Buying Miami Real Estate As A Foreigner
Are you a foreign national interested in investing in Miami real estate but unsure about getting financed? Look no further because the answer is yes, you can get a mortgage in the US. However, there are certain parameters and requirements you need to meet before you can invest and obtain a mortgage. In terms of costs, using a lender requires an appraisal, which is an inspection to determine the property value, and there are fees for transferring property, recording fees, settlement fees, tax transfers, and taxes on the property. As a foreign national, you may also have a 10 to 15% first holding for tax purposes. Regarding the closing table, if you cannot be present, you can schedule a closing with a US embassy in your country or assign someone with a power of attorney to represent you, preferably a relative or an attorney. Different mortgage companies have varying options, but generally, a credit score of 680 or higher is ideal. If not, established credit lines in your country can suffice, and you must have at least two credit lines with 12 to 24 months of on-time payments.
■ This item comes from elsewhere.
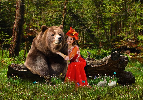 Bear from happeningstock.deviantart.com/ | The lovely woman is my mom, from my wedding pictures | Log from jellybellystock.deviantart.com/
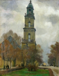 Ansicht der Potsdamer Garnisonkirche im Herbst. 1925. Öl auf Leinwand. 63,5 x 47,5 cm. Links unten signiert und datiert. Gerahmt. - Provenienz: Bassenge 25. 11. 2011, Lot 6187; Westdeutscher Privatbesitz. (1060-12)

You can only purchase a second home or an investment property with a minimum downpayment of 30%. The maximum amount you can purchase with a mortgage company is $2 million, and the minimum is $150,000. If your income is used to qualify, you need to provide paystubs or taxes from your foreign country, a CPA letter stating your year-to-date income (if self-employed), and a translation of all documents to English. When it comes to investment properties, short-term or long-term rentals are viable options, and potential rental income can be used to qualify for an investment property. However, for a second home, you must prove that it is not for investment purposes. Foreign nationals are required to pay about 10 to 15% in taxes after the sale, collected at the closing table by the title company, and distributed to the IRS to ensure payment. Finally, non-residents can buy property in the US, and you do not have to be a permanent resident. You can have a work permit or asylum, which must be renewed consistently for at least two years. If you need assistance with obtaining a mortgage or understanding where your investment is best, mortgage experts like Jennyffer Kurz Senior Loan Officer at PRMG and Realtor Floise Mizejewski of LPT Realty are here to help. Investing in Miami real estate as a foreign national is possible, as long as you meet the necessary requirements and guidelines.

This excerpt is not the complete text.